The whole listing, pictures aside, should be reproduced exactly.

▸ **SUPPLIED MATERIAL**:
=-=-=-=-=

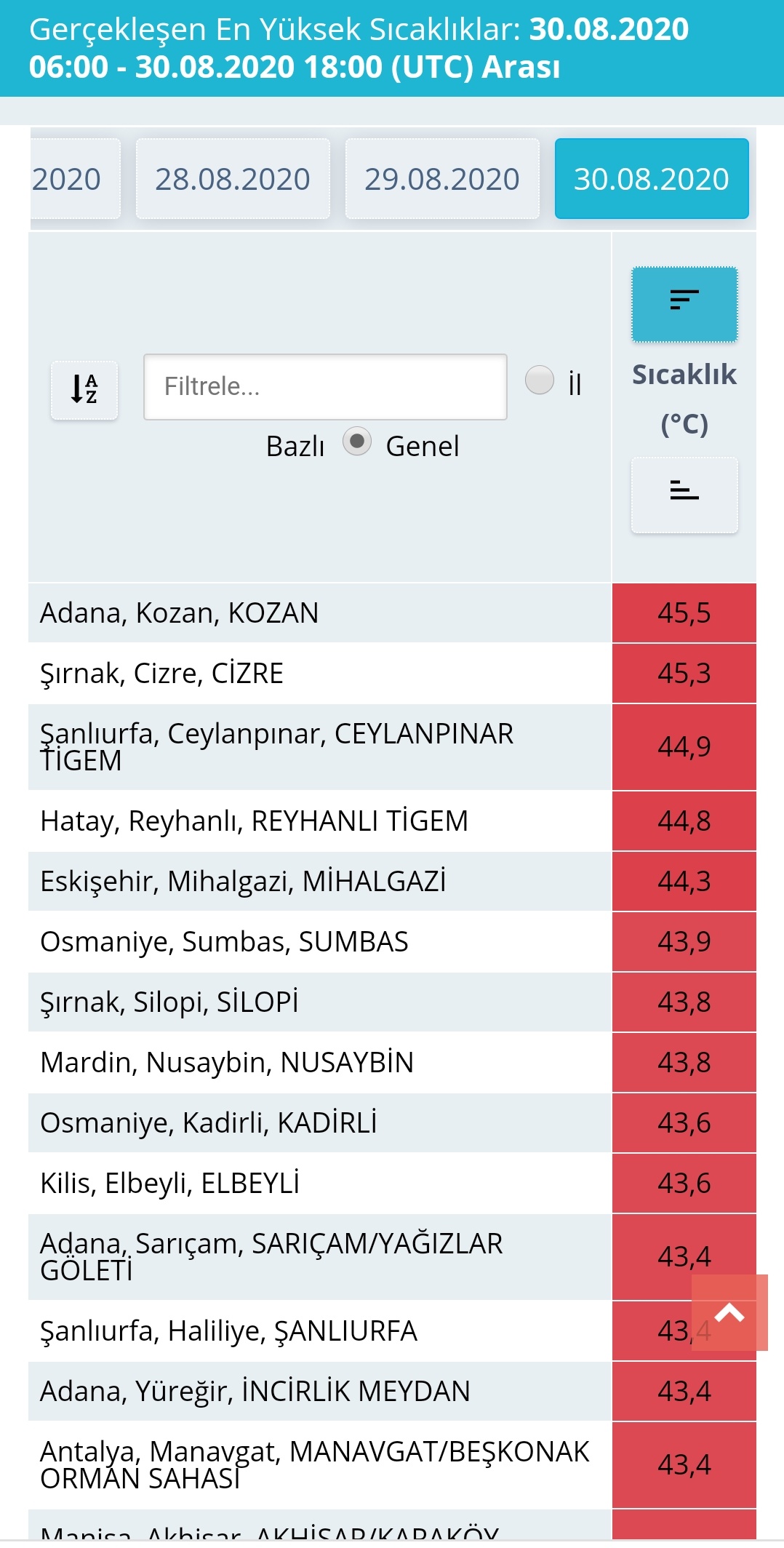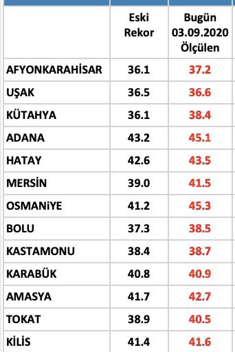 Adana, Urfa, Hatay gibi şehirlerde, 3-6 Eylül tarihleri (perşembe - pazar günleri arası ) hava sıcaklığının 50 derecelere dayanması bekleniyor. Aşırı sıcaklara karşı tedbirli olunması gerekiyor! Belki de doğuda öğle arasının 12-15 saatleri arasına çekilmesi isabetli olabilir . Ne yazık ki, aşırı sıcaklardan dolayı,  hayatını kaybedecek vatandaşların haberlerini duymak çok şaşırtıcı olmayacak bu hafta. Mümkünse yaşlı ve hastaların öğle saatlerinde dışarı çıkmaması gerekiyor.
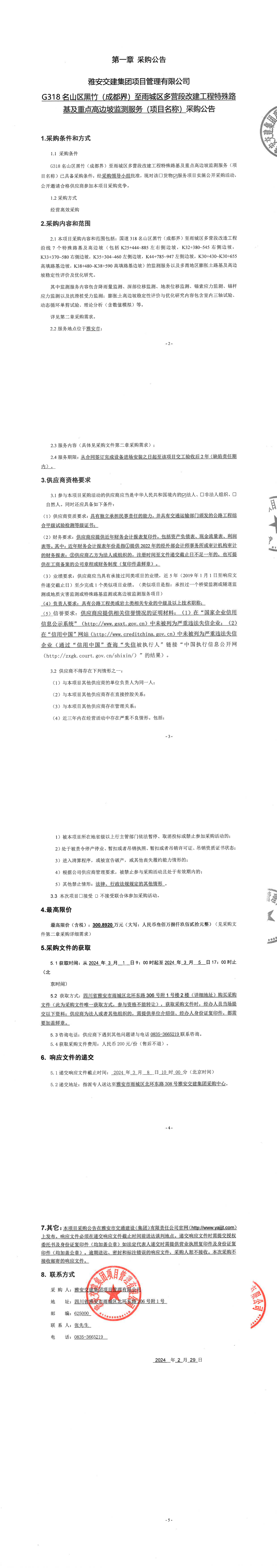雅安交建集團(tuán)項(xiàng)目管理有限公司國道318名山區(qū)黑竹(成都界)至雨城區(qū)多營段改造工程的特殊及重點(diǎn)路基高邊坡監(jiān)測(cè)服務(wù)(項(xiàng)目名稱)采購公告
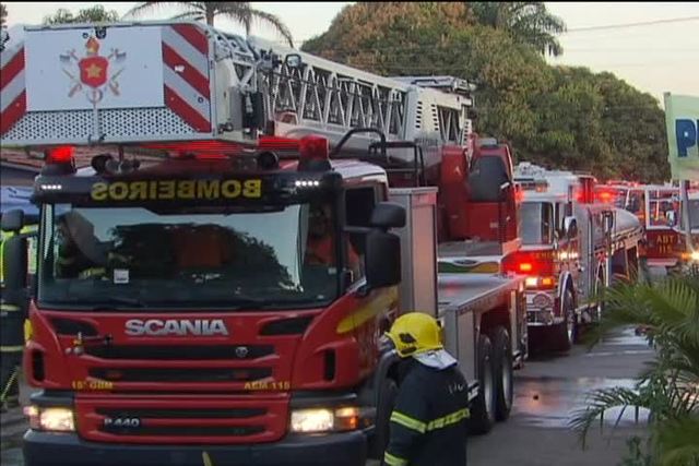 O fogo começou no início da tarde em um depósito de móveis e atingiu outros três galpões.

=-=-=-=-=

▸ **ANSWER SPACE**:
 Adana, Urfa, Hatay gibi şehirlerde, 3-6 Eylül tarihleri (perşembe - pazar günleri arası ) hava sıcaklığının 50 derecelere dayanması bekleniyor. Aşırı sıcaklara karşı tedbirli olunması gerekiyor! Belki de doğuda öğle arasının 12-15 saatleri arasına çekilmesi isabetli olabilir . Ne yazık ki, aşırı sıcaklardan dolayı,  hayatını kaybedecek vatandaşların haberlerini duymak çok şaşırtıcı olmayacak bu hafta. Mümkünse yaşlı ve hastaların öğle saatlerinde dışarı çıkmaması gerekiyor.
雅安交建集團(tuán)項(xiàng)目管理有限公司國道318名山區(qū)黑竹(成都界)至雨城區(qū)多營段改造工程的特殊及重點(diǎn)路基高邊坡監(jiān)測(cè)服務(wù)(項(xiàng)目名稱)采購公告
 O fogo começou no início da tarde em um depósito de móveis e atingiu outros três galpões.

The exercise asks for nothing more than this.